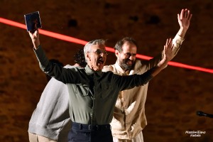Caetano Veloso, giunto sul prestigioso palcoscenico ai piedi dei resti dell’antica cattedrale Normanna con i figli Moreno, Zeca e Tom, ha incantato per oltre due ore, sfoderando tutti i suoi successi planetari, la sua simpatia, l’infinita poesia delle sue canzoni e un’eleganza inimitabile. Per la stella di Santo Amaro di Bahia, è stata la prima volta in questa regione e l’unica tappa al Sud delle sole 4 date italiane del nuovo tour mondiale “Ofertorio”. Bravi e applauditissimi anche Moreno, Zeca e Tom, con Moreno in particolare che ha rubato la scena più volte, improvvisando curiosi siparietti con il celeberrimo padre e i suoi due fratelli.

........

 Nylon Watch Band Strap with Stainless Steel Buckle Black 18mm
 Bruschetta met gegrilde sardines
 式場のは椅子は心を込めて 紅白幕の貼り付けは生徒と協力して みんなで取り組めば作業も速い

........

Work instruction:
From the listing above, the lines starting with the one that has "Nylon Watch Band" and running through the one that has "式場のは椅子は心を込めて 紅白幕の貼り付けは生徒と協力して みんなで取り組めば作業も速い" should be copied exactly, ends included.

Written response:
 Nylon Watch Band Strap with Stainless Steel Buckle Black 18mm
 Bruschetta met gegrilde sardines
 式場のは椅子は心を込めて 紅白幕の貼り付けは生徒と協力して みんなで取り組めば作業も速い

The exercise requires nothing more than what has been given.